John Irwin at UCSF, I and others working in the area of drug discovery have had several discussions and email exchanges on the topic of the performance and comparison of different virtual screening and docking methods on different targets and problems.
The eCheminfo network supports community of practice activities, i.e., it is intended to support the activities of a group of people who bond together to share knowledge on good, better, and best practices, to learn skills from each other, share experiences, and engage in a process of collective learning.
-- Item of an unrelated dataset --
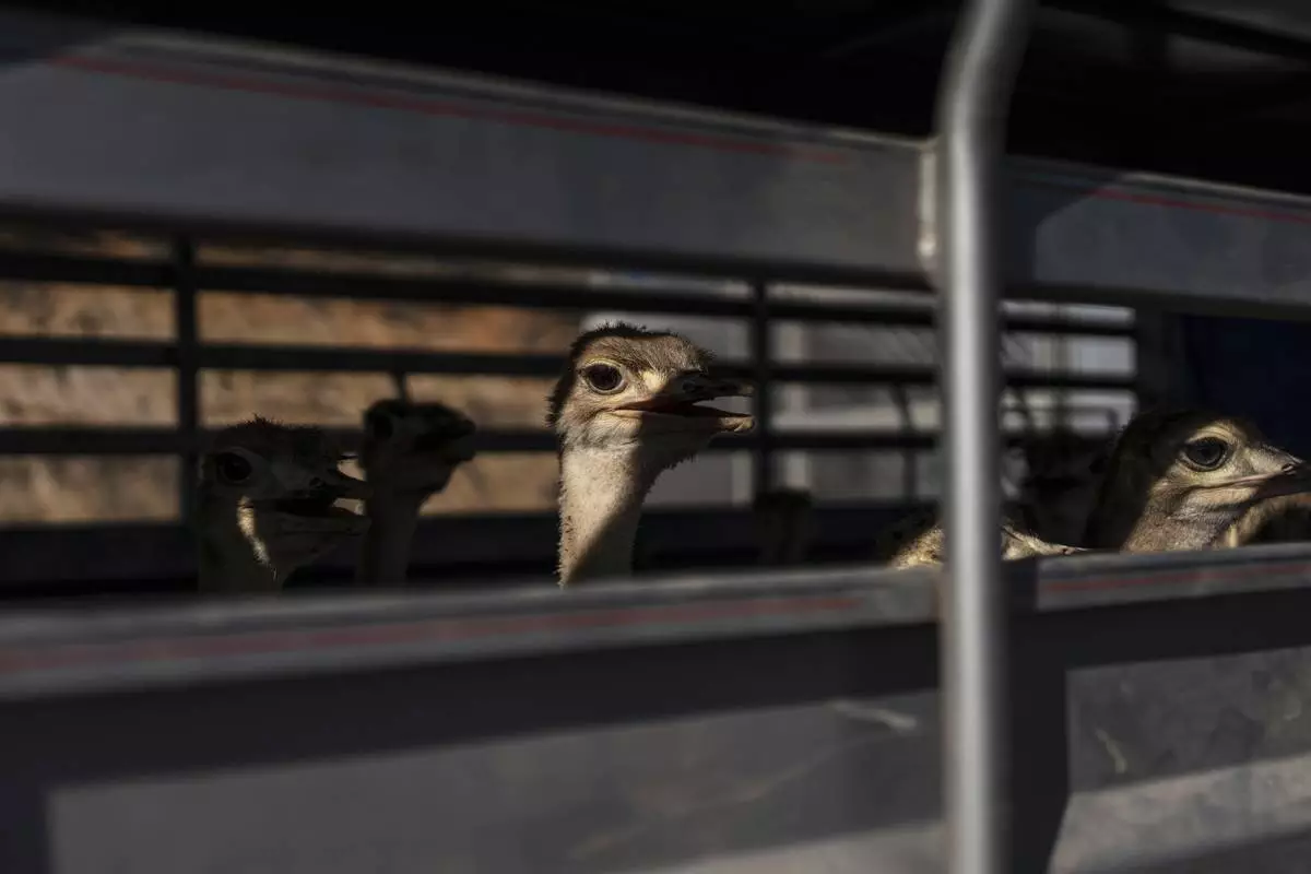 Emus from the Ostok Sanctuary sit in a truck while getting transported to Mazatlan, Sinaloa state, from the refuge in the outskirts of Culiacan, Sinaloa state, Mexico, Tuesday, May 20, 2025. (AP Photo/Felix Marquez)
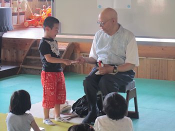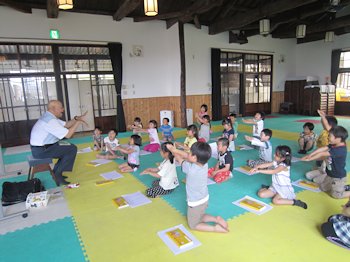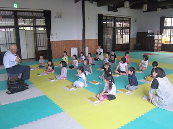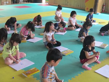 今回初めて参加する4才児さんは、ちょっぴり緊張気味でした。

It potentially then could be a neutral environment for supporting coordination on practice activities, such as the difficult area of comparative study in screening and docking.
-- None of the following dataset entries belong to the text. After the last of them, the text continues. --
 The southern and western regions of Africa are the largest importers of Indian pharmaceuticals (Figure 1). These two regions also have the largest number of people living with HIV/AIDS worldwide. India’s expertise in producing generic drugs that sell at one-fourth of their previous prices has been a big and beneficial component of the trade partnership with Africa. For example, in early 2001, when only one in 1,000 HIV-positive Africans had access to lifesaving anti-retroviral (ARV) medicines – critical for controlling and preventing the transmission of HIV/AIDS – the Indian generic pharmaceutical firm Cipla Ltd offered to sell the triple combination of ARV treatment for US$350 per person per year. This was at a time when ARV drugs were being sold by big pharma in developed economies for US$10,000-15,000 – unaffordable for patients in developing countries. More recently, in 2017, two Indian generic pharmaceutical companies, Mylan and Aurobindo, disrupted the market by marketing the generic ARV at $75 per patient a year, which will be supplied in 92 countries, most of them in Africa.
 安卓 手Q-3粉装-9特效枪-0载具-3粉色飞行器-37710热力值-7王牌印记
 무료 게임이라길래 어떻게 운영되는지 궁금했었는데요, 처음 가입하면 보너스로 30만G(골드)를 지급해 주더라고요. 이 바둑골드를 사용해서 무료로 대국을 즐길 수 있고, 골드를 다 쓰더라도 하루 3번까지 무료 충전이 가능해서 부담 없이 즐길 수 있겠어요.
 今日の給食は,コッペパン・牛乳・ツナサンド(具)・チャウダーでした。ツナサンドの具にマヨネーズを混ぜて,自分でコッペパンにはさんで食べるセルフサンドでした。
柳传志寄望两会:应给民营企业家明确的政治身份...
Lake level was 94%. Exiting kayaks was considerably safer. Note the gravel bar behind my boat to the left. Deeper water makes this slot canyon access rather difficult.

We thought it would be useful to summarise some ideas on supporting greater collaboration on such work and to invite comments and discussion which we have done below.
Please contribute to the discussion and add your comments on the Cheminfostream Blog or John’s Docking.org blog. (We can also be reached via email at barry.hardy [at] douglasconnect.com and jji [at] cgl.ucsf.edu.) We look forward to your input.
Barry Hardy
Could we take a Community Approach to Comparing Virtual Screening Methods?
After twenty years of undeniable progress, molecular docking seems to have plateaued. A recent paper by Tirado-Rives and Jorgensen [1] dashes some of the few hopes we had left by showing that conformational energetics alone make it impossible to rank order diverse compounds in high throughput virtual screening. In a Perspective in the same issue [2], Leach, Shoichet and Pieshoff summarize the stagnating state of the art that is docking, and suggest a pragmatic way forward, through measurement and benchmarking. Again in the same issue, a laborious evaluation of 10 docking programs, using 37 scoring functions was applied to seven protein types for three tasks: binding mode prediction, virtual screening for lead identification, and rank-ordering by affinity for lead optimization [3]. Among some encouraging results and upbeat analysis, the paper makes a number of worrying observations, including that "high fidelity in the reproduction of observed binding poses did not automatically impart success in virtual screening". Moreover, for eight diverse systems, "no statistically significant relationship existed between docking scores and ligand affinity."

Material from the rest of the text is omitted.